Material provided
--- START ---

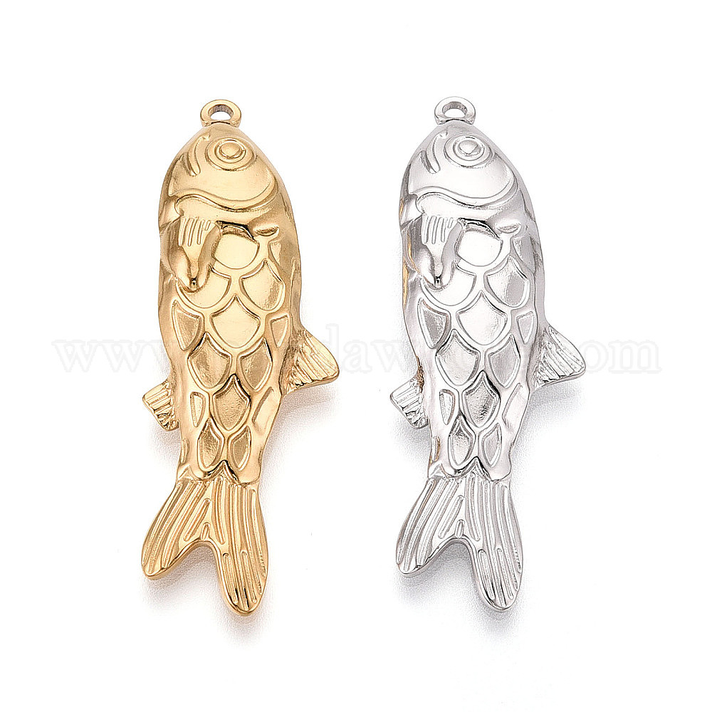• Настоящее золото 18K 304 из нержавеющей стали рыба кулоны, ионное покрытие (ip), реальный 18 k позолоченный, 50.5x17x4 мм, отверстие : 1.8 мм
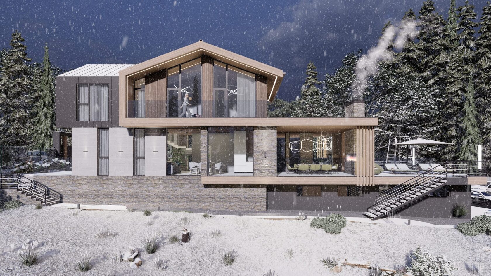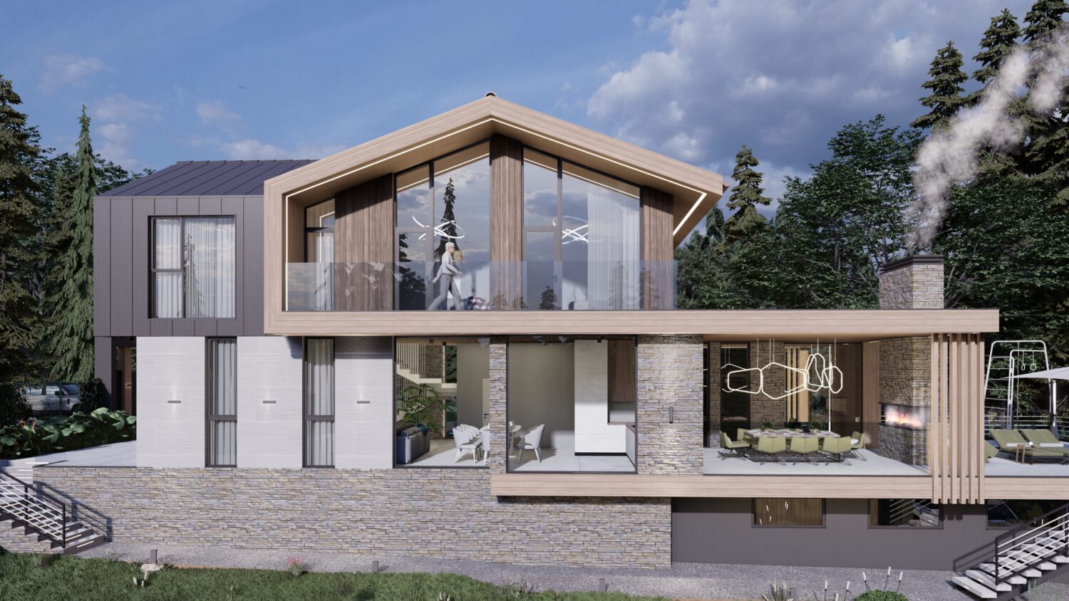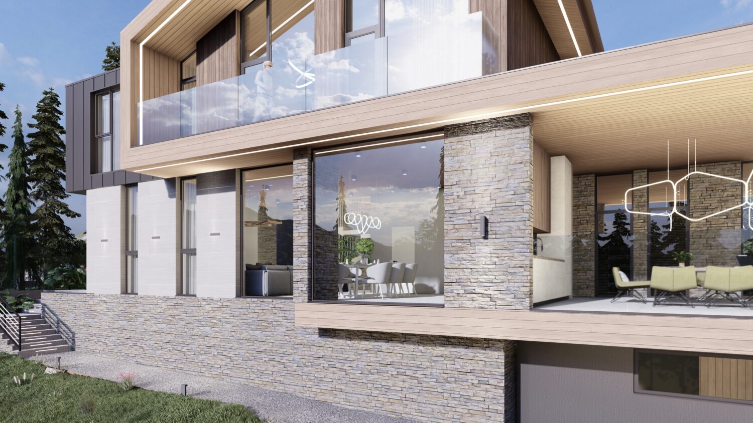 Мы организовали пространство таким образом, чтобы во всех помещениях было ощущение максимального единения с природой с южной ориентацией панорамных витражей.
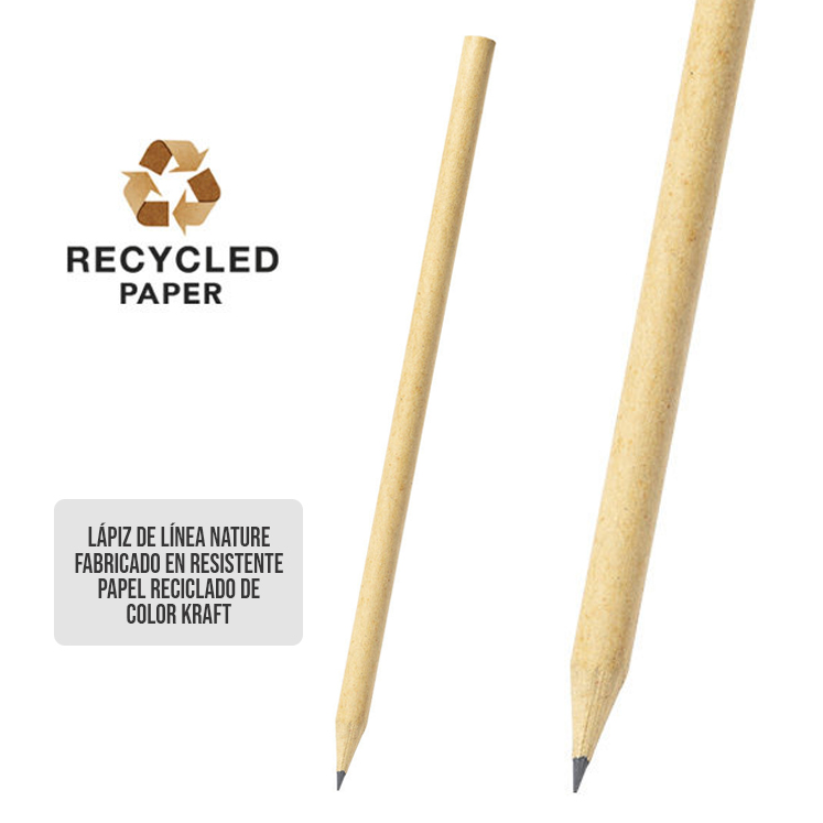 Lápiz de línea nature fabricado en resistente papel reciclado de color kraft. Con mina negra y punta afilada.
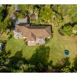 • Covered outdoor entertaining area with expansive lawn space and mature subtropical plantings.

--- END ---
--- START ---

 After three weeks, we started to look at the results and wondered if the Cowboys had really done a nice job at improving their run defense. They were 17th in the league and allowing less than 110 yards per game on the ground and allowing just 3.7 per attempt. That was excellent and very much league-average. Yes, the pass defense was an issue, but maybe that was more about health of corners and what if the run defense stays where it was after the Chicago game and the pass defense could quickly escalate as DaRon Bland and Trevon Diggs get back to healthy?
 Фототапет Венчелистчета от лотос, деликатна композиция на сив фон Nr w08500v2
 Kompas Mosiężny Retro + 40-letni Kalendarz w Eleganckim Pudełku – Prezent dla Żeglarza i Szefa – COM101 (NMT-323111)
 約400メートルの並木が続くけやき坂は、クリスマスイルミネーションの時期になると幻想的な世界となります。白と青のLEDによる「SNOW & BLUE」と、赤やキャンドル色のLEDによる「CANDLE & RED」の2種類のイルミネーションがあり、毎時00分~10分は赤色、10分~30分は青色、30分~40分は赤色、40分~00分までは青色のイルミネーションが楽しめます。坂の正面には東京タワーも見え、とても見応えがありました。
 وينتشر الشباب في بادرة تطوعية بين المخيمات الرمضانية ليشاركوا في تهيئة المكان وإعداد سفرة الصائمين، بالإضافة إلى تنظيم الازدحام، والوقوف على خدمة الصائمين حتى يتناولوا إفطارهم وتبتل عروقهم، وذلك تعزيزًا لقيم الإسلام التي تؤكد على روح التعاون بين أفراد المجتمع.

--- END ---

Action item
Return exactly the lines that appear in the data above between the line containing "Мы организовали пространство" and the line containing "mature subtropical plantings.", both of which are included, and leave the pictures out.

Exercise output
 Мы организовали пространство таким образом, чтобы во всех помещениях было ощущение максимального единения с природой с южной ориентацией панорамных витражей.
 Lápiz de línea nature fabricado en resistente papel reciclado de color kraft. Con mina negra y punta afilada.
 • Covered outdoor entertaining area with expansive lawn space and mature subtropical plantings.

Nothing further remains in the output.